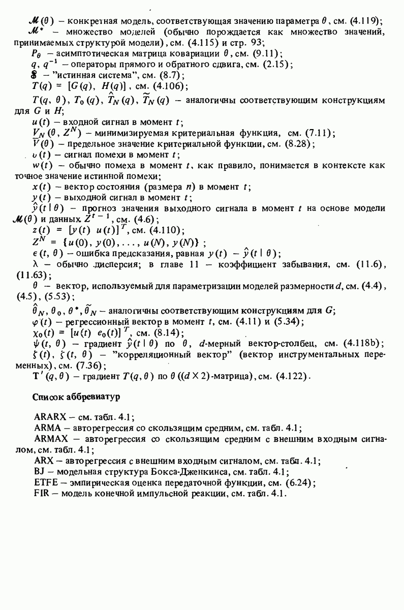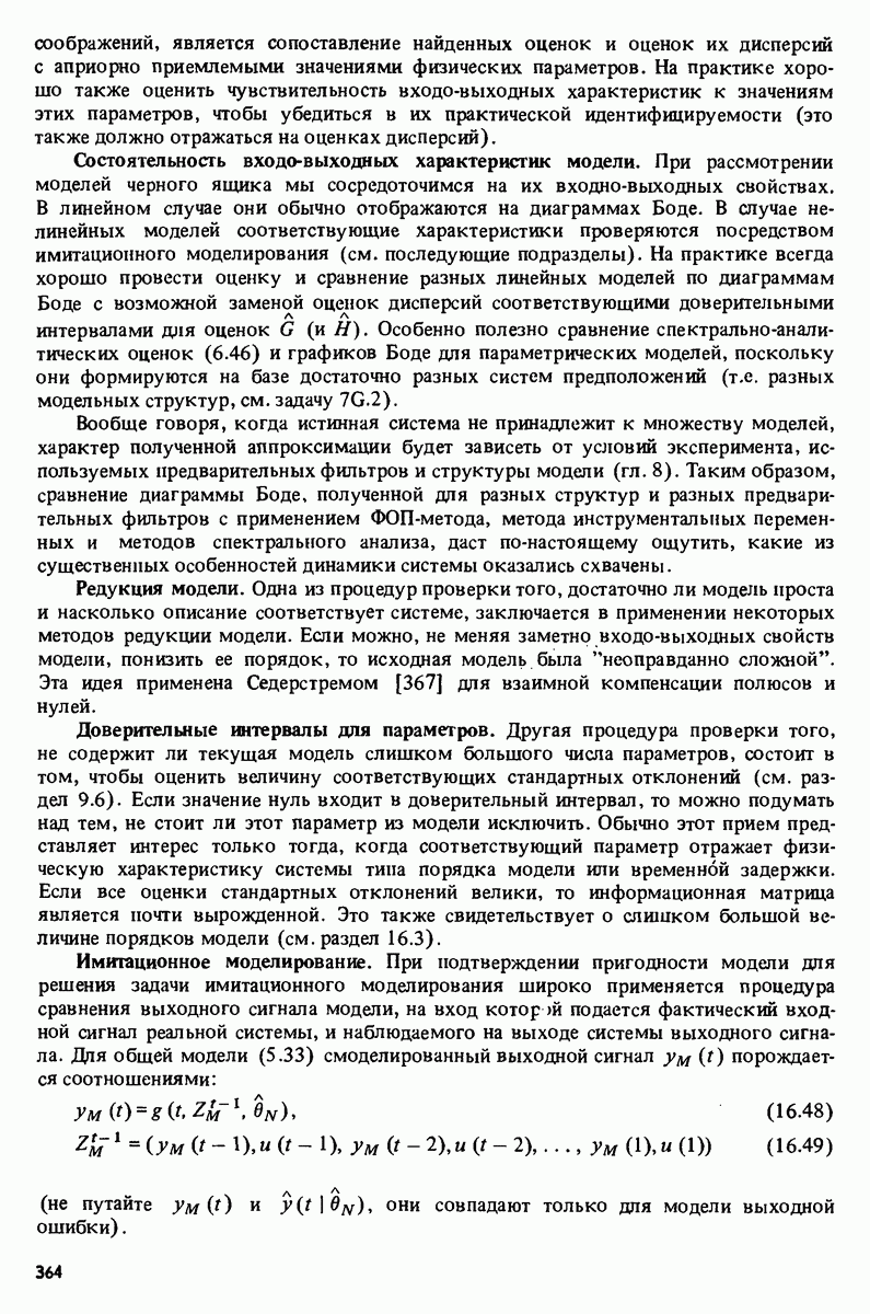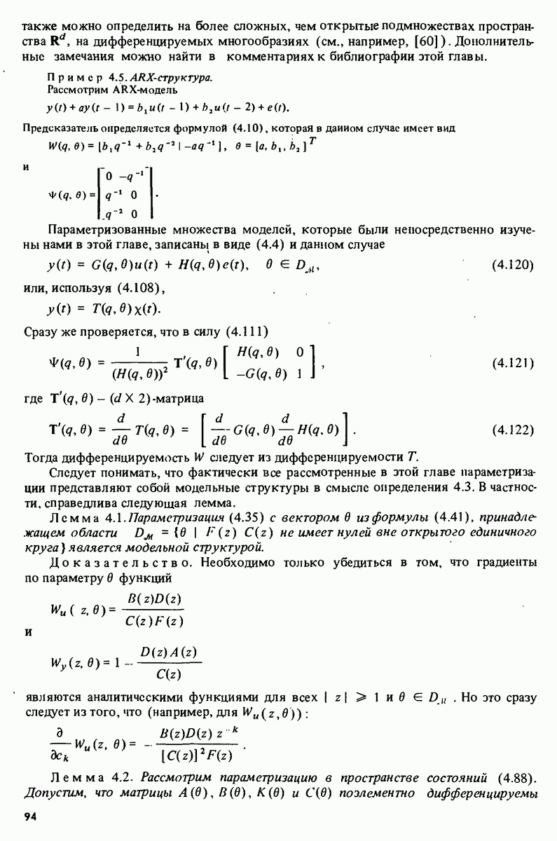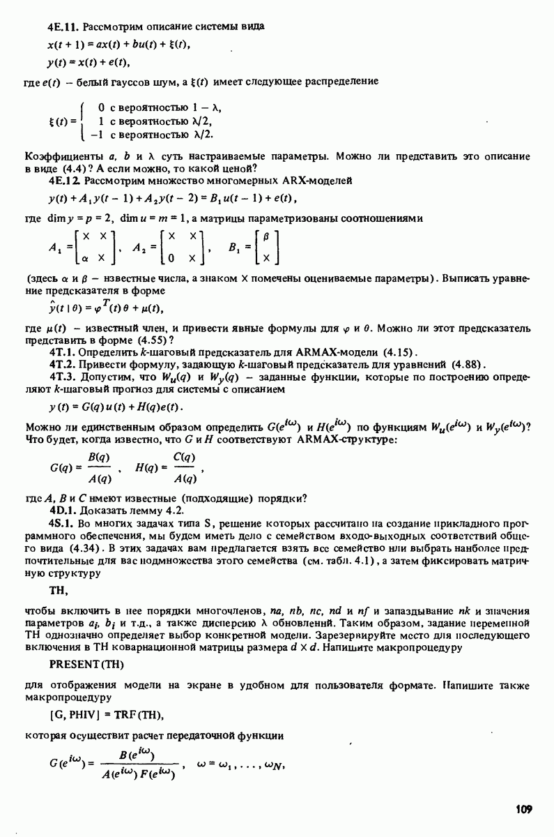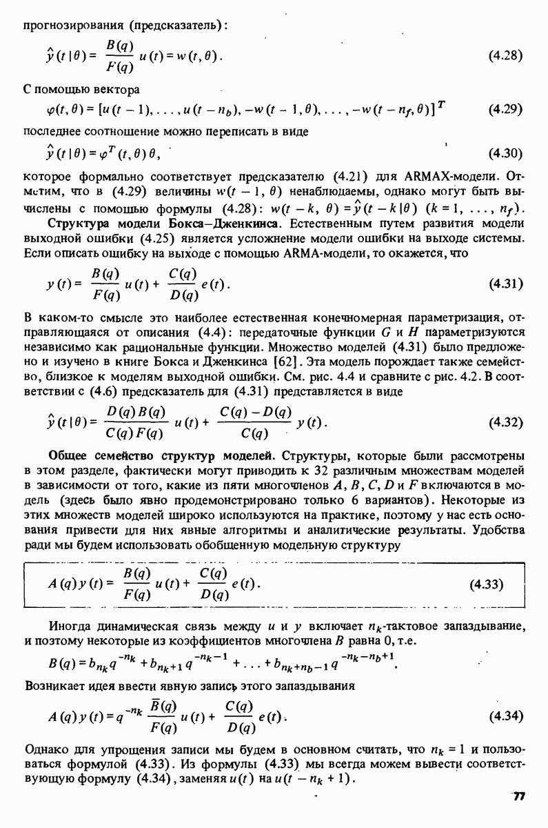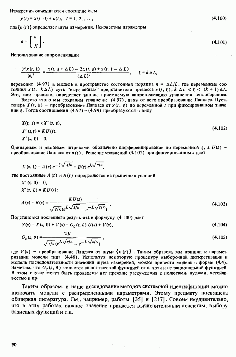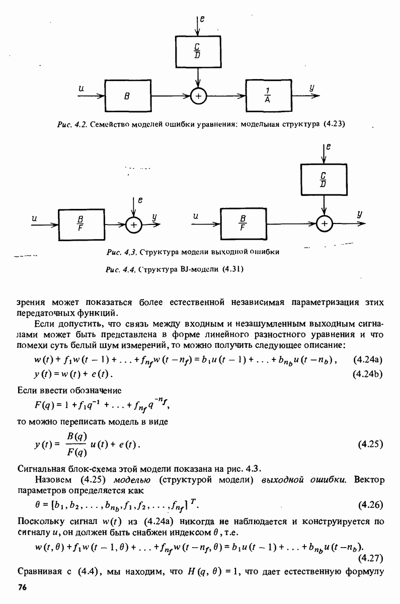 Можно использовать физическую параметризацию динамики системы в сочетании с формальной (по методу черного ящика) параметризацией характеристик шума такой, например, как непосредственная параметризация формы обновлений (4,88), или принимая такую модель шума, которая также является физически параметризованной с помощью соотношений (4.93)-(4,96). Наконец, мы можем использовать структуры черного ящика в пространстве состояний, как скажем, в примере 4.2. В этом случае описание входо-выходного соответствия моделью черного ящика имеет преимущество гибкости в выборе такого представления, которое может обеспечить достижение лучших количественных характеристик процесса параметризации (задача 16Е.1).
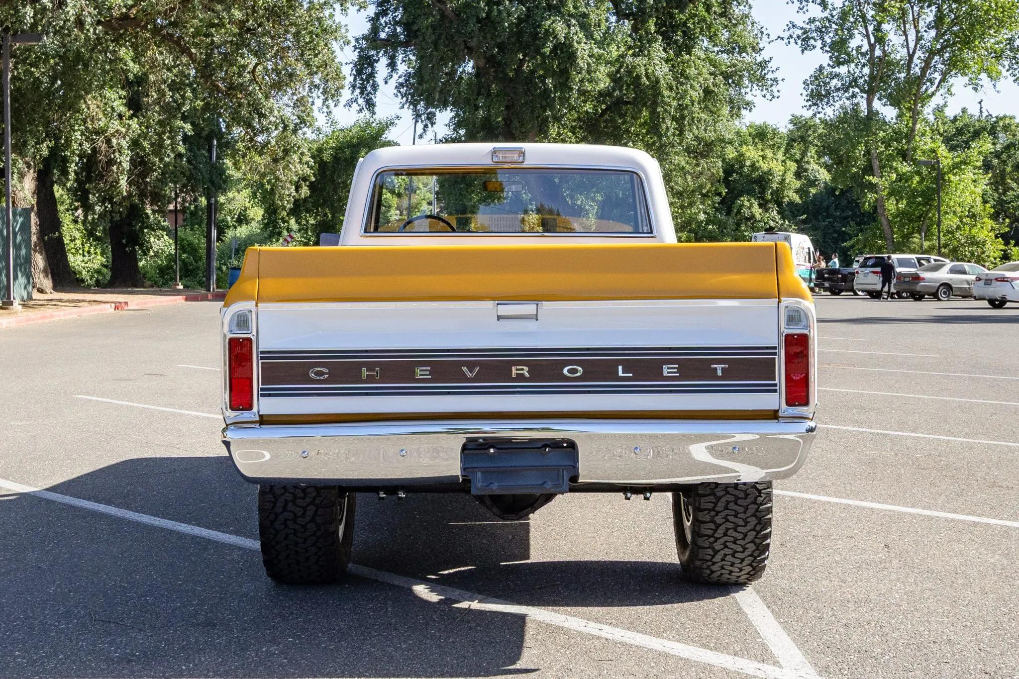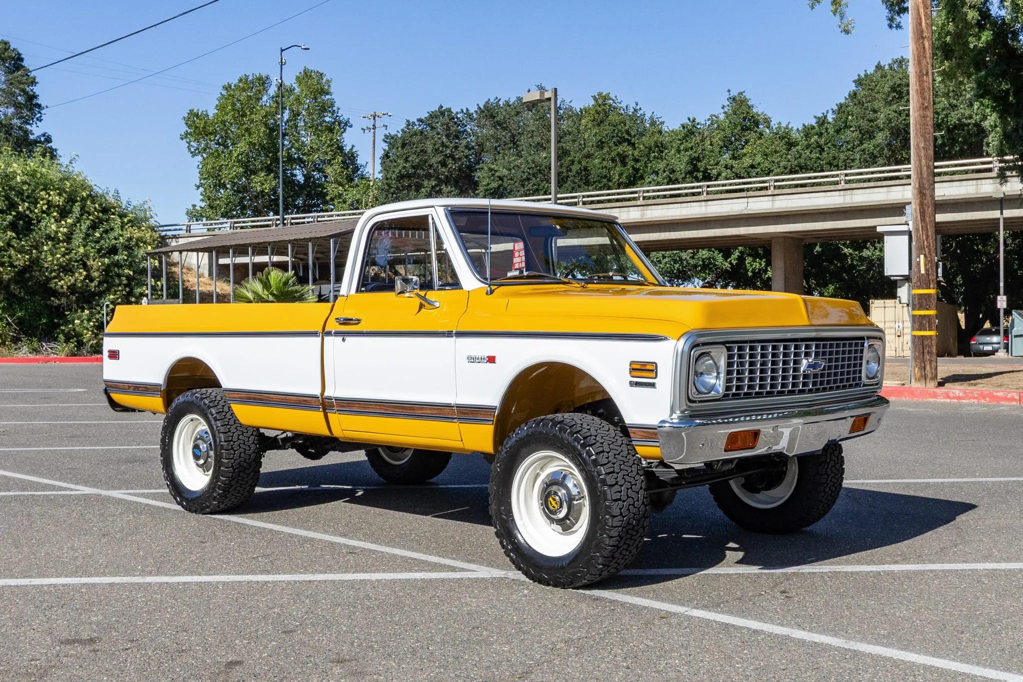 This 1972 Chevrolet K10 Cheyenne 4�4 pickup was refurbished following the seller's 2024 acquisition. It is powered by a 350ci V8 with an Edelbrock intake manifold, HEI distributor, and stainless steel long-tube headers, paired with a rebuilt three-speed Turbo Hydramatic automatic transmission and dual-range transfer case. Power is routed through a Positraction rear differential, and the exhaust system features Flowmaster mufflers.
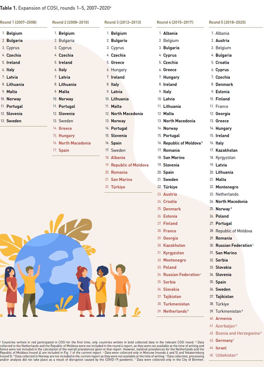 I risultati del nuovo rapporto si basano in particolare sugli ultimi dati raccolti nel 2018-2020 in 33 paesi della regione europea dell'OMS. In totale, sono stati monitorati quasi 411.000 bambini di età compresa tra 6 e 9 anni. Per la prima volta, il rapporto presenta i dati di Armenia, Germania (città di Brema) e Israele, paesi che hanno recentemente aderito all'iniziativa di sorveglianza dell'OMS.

···

## Problem statement
Your answer must be an exact copy of the listing, with every picture omitted.

## Answer to this problem
 Можно использовать физическую параметризацию динамики системы в сочетании с формальной (по методу черного ящика) параметризацией характеристик шума такой, например, как непосредственная параметризация формы обновлений (4,88), или принимая такую модель шума, которая также является физически параметризованной с помощью соотношений (4.93)-(4,96). Наконец, мы можем использовать структуры черного ящика в пространстве состояний, как скажем, в примере 4.2. В этом случае описание входо-выходного соответствия моделью черного ящика имеет преимущество гибкости в выборе такого представления, которое может обеспечить достижение лучших количественных характеристик процесса параметризации (задача 16Е.1).
 This 1972 Chevrolet K10 Cheyenne 4�4 pickup was refurbished following the seller's 2024 acquisition. It is powered by a 350ci V8 with an Edelbrock intake manifold, HEI distributor, and stainless steel long-tube headers, paired with a rebuilt three-speed Turbo Hydramatic automatic transmission and dual-range transfer case. Power is routed through a Positraction rear differential, and the exhaust system features Flowmaster mufflers.
 I risultati del nuovo rapporto si basano in particolare sugli ultimi dati raccolti nel 2018-2020 in 33 paesi della regione europea dell'OMS. In totale, sono stati monitorati quasi 411.000 bambini di età compresa tra 6 e 9 anni. Per la prima volta, il rapporto presenta i dati di Armenia, Germania (città di Brema) e Israele, paesi che hanno recentemente aderito all'iniziativa di sorveglianza dell'OMS.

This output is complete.